Canadian Natural Resources Ltd is an independent crude oil and natural gas exploration, development, and production company. Its operations span across North America, especially Western Canada, the UK portion of the North Sea, and Offshore Africa in Cote d'Ivoire and South Africa. The company focuses on the exploration, development, production, and marketing of crude oil, natural gas liquids, and natural gas. It operates two divisions: Oil Sands Mining and Upgrading Midstream and Refining, with the majority of its revenue coming from North America.

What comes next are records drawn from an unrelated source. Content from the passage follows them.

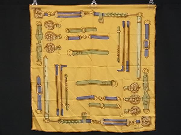 ■美品■ TRUSSARDI トラサルディ シルク100% 総柄 大判 スカーフ ストール ショール イエロー系×マルチカラー DI5502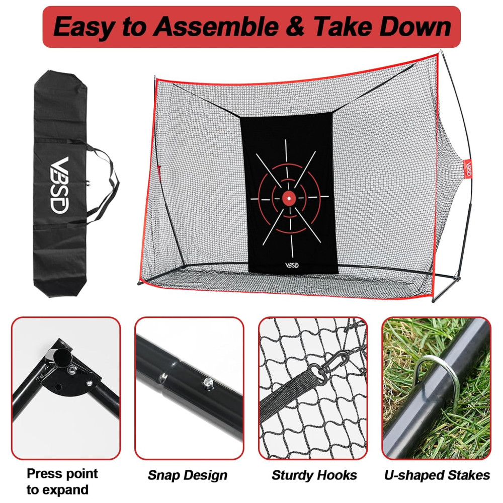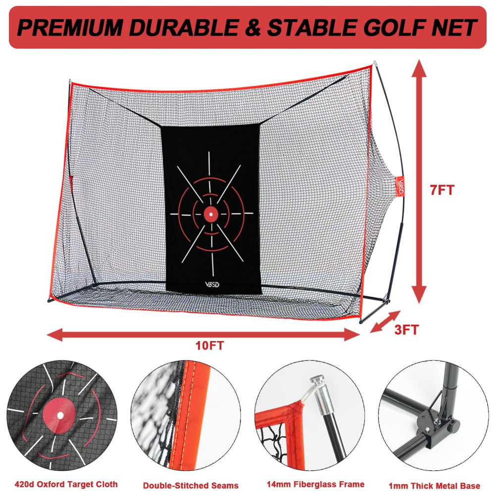 A Rede de Golfe VBSD se destaca por sua durabilidade e estabilidade excepcionais. Feita de tecido alvo premium 420D Oxford e rede de nylon de 5 camadas resistente a rasgos e absorção de choque, suporta impactos de bolas de golfe a velocidades de até 200 mph. A estrutura de fibra de vidro de 14 mm evita a deformação, enquanto a base de metal robusta de 1 mm e estacas mantêm a rede de golfe firmemente ancorada, mesmo em condições ventosas. Transforme qualquer espaço em seu próprio campo de treino pessoal, melhorando suas habilidades a qualquer hora, em qualquer lugar.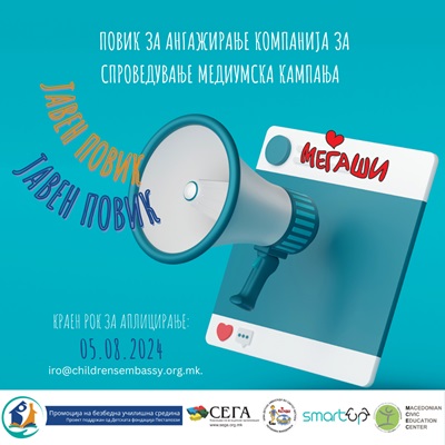 Првата детска амбасада во светот Меѓаши објавува повик за ангажирање медиумска/маркетинг агенција која ќе биде одговорна за креирање и спроведување кампања што ќе промовира детско учество и ненасилство и ќе влијае на создавање безбедна средина во училиштата. Кампањата ќе биде предводена од ученици кои со поддршка од агенцијата и во соработка со тимот на детската амбасада Меѓаши ќе ги керираат потребните материјали, план и канали на комуникација.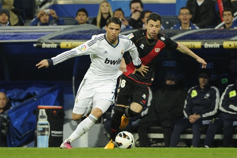 | L’attaquant de Real, Cristiano Ronaldo, à la lutte contre le milieu de terrain du Rayo Vallecano, Javier Fuego, le 17 février au stade Santiago Bernabeu. |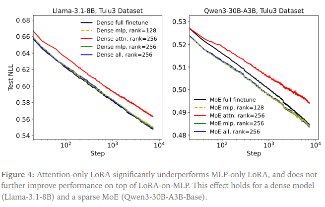 Practitioners often follow the original LoRA paper’s convention of applying adapters only to attention matrices (). However, LoRA Without Regret finds this suboptimal. Applying LoRA to MLP layers alone achieves the same minimum loss as full MLP+attention LoRA, while attention-only LoRA significantly underperforms. For MoE architectures, the authors train per-expert LoRA modules, scaling rank by the number of active experts to maintain a constant LoRA-to-FullFT parameter ratio.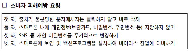또한, 경제적 피해가 의심될 경우 소비자들은 즉시 경찰청 사이버안전국(www.cyberbureau.police.go.kr)에 신고하며, 피해 확산을 방지하기 위해 사기성 문자 메시지 수신 시 정부의 불법스팸대응센터(국번없이 118)에 관련 정보를 제공하는 것이 좋다.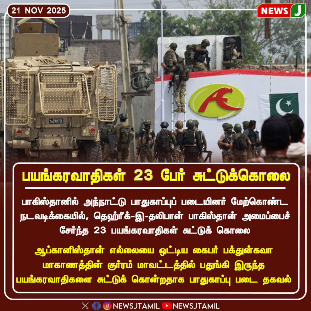 கிஸ்தானின் தெஹ்ரிக்–இ–தாலிபான் அமைப்பு தொடர்புடைய பயங்கரவாதிகள் மறைந்திருந்த இடத்தில் பாதுகாப்புப் படையினர் திடீர் நடவடிக்கை மேற்கொண்டதால் கடும் துப்பாக்கிச்சண்டை ஏற்பட்டது. பல மணி நேர மோதலுக்குப் பிறகு 23 பயங்கரவாதிகள் சுட்டுக்கொல்லப்பட்டதாக தகவல் வெளியாகியுள்ளது.

Comparing the stock price of Canadian Natural Resources (NYSE:CNQ) with its GF Value, an estimation of fair value, provides a deeper understanding of the company's value. This comparison ingeniously integrates financial assessment with essential company details.

Canadian Natural Resources (CNQ): A Closer Look at Its Market Valuation
Canadian Natural Resources (CNQ): A Closer Look at Its Market Valuation

Understanding GF Value

The GF Value is an exclusive method to estimate the current intrinsic value of a stock. It is calculated based on three factors: historical multiples (PE Ratio, PS Ratio, PB Ratio, and Price-to-Free-Cash-Flow) that the stock has traded at, a GuruFocus adjustment factor based on the company's past returns and growth, and future estimates of the business performance. The GF Value Line on our summary page gives an overview of the fair value that the stock should be traded at.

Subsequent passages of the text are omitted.